═══ DATASET EXTRACT

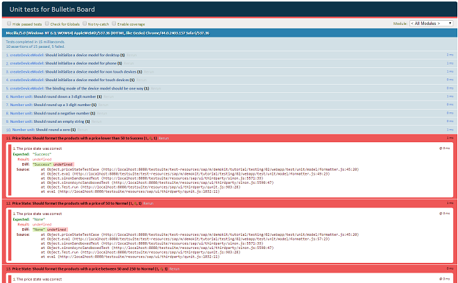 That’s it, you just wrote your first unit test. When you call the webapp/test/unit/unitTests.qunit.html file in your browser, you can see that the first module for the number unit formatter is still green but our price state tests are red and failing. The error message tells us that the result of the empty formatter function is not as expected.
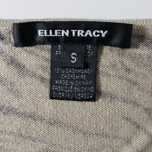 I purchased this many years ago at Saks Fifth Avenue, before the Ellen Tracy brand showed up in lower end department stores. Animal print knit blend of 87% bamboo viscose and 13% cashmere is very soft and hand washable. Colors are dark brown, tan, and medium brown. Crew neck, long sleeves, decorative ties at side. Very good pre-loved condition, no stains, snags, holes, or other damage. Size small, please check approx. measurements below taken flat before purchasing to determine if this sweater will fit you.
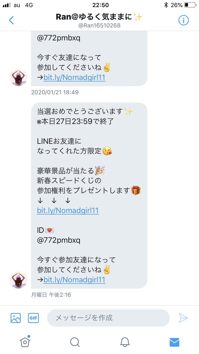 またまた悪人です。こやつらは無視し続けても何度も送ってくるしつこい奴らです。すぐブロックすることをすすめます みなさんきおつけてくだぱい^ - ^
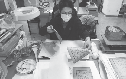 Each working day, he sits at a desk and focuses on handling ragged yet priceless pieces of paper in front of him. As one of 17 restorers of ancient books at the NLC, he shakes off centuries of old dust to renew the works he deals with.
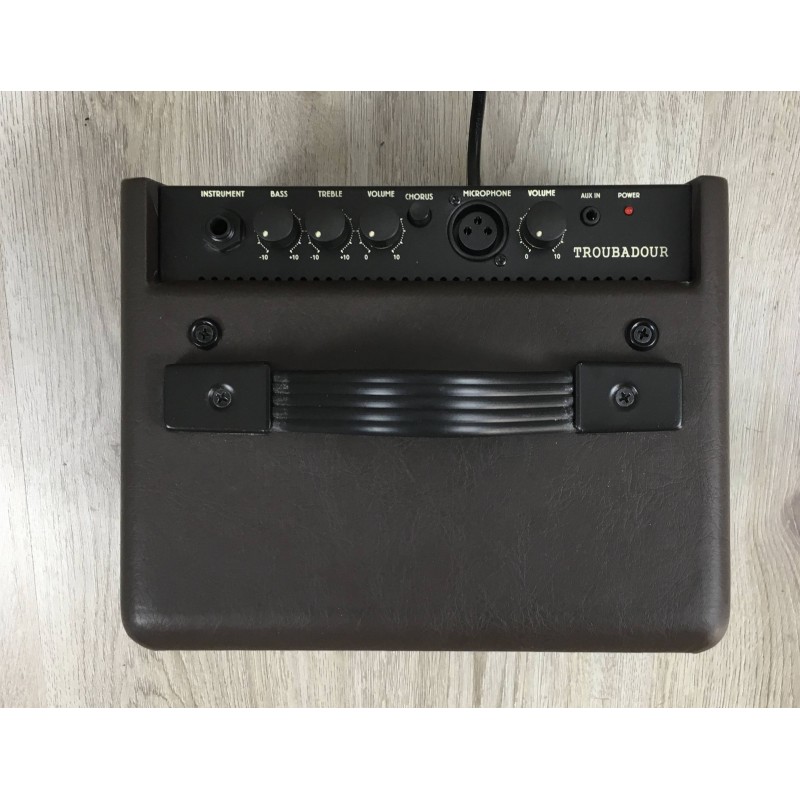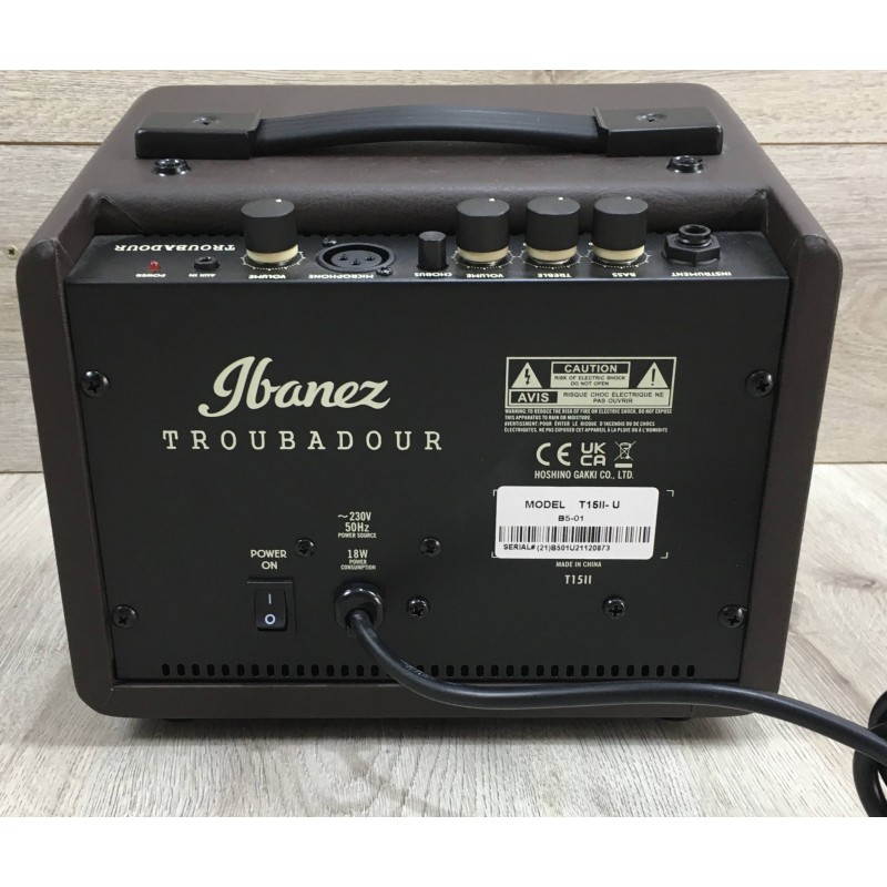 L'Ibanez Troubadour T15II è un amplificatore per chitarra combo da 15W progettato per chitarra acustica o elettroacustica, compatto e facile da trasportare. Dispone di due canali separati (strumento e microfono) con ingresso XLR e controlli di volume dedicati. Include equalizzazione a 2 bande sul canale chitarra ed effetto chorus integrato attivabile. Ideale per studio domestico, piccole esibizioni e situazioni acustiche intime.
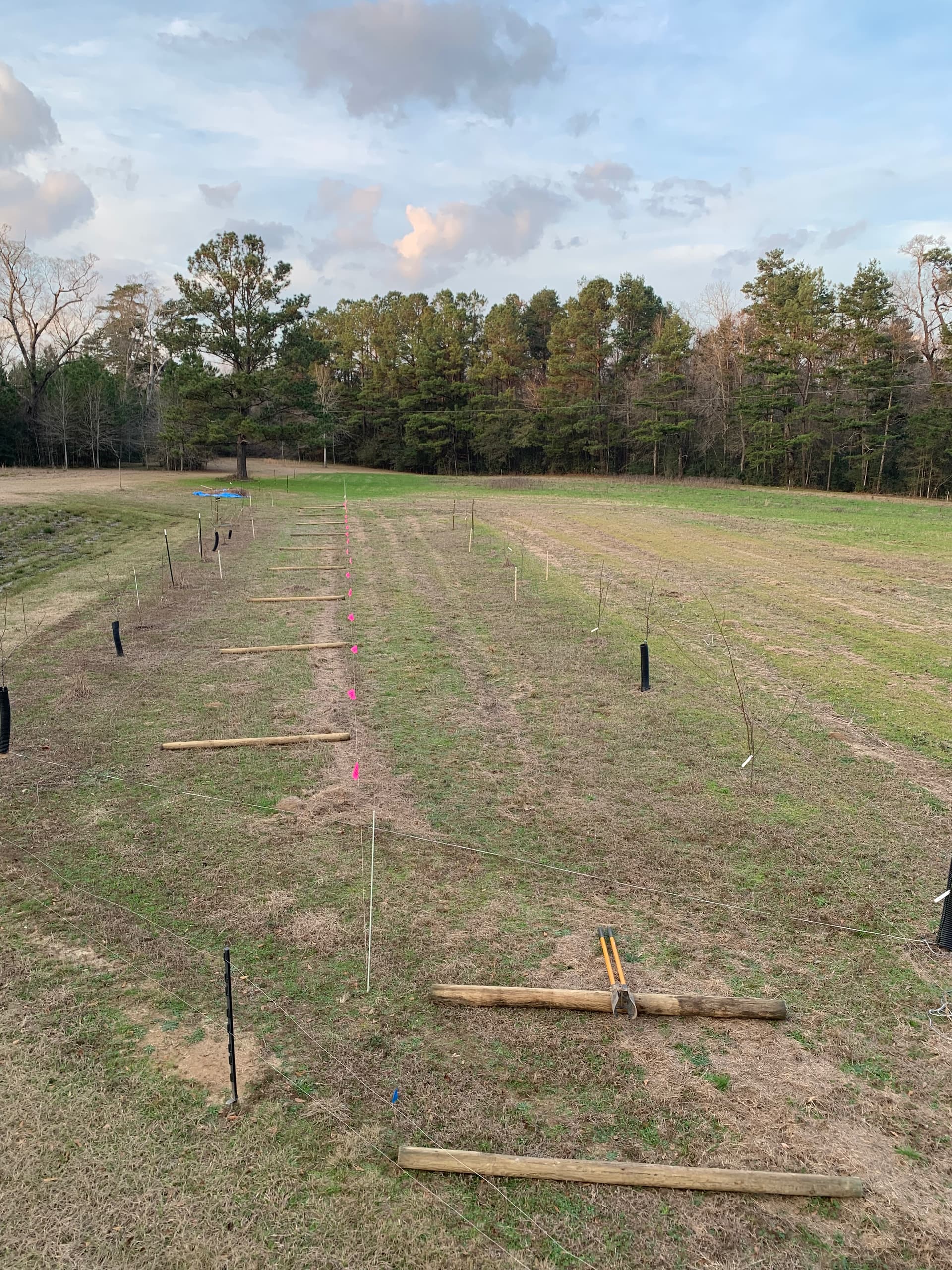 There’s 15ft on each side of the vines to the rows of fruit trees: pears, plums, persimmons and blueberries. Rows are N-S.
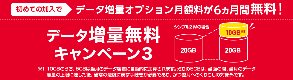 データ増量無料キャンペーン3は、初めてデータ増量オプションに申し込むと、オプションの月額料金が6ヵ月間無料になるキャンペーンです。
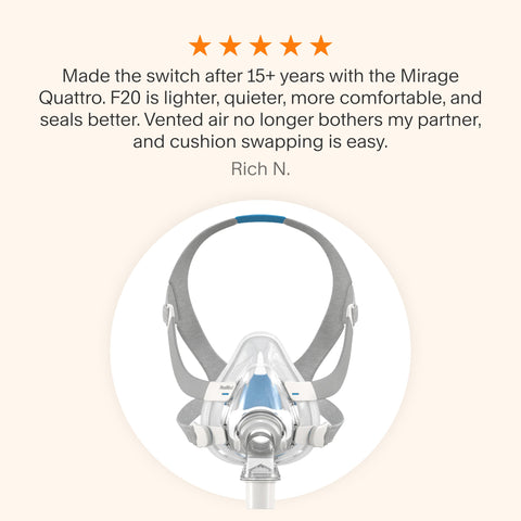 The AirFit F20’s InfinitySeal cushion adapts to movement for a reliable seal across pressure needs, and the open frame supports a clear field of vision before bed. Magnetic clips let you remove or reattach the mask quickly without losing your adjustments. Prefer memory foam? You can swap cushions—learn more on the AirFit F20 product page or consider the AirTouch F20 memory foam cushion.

══════

WHAT THIS TASK INVOLVES —
To complete this exercise, transcribe exactly the lines above from the one that holds "みなさんきおつけてくだぱい^ - ^" through the one that holds "データ増量無料キャンペーン3". Pictures stay out.

YOUR RESPONSE —
 またまた悪人です。こやつらは無視し続けても何度も送ってくるしつこい奴らです。すぐブロックすることをすすめます みなさんきおつけてくだぱい^ - ^
 Each working day, he sits at a desk and focuses on handling ragged yet priceless pieces of paper in front of him. As one of 17 restorers of ancient books at the NLC, he shakes off centuries of old dust to renew the works he deals with.
 L'Ibanez Troubadour T15II è un amplificatore per chitarra combo da 15W progettato per chitarra acustica o elettroacustica, compatto e facile da trasportare. Dispone di due canali separati (strumento e microfono) con ingresso XLR e controlli di volume dedicati. Include equalizzazione a 2 bande sul canale chitarra ed effetto chorus integrato attivabile. Ideale per studio domestico, piccole esibizioni e situazioni acustiche intime.
 There’s 15ft on each side of the vines to the rows of fruit trees: pears, plums, persimmons and blueberries. Rows are N-S.
 データ増量無料キャンペーン3は、初めてデータ増量オプションに申し込むと、オプションの月額料金が6ヵ月間無料になるキャンペーンです。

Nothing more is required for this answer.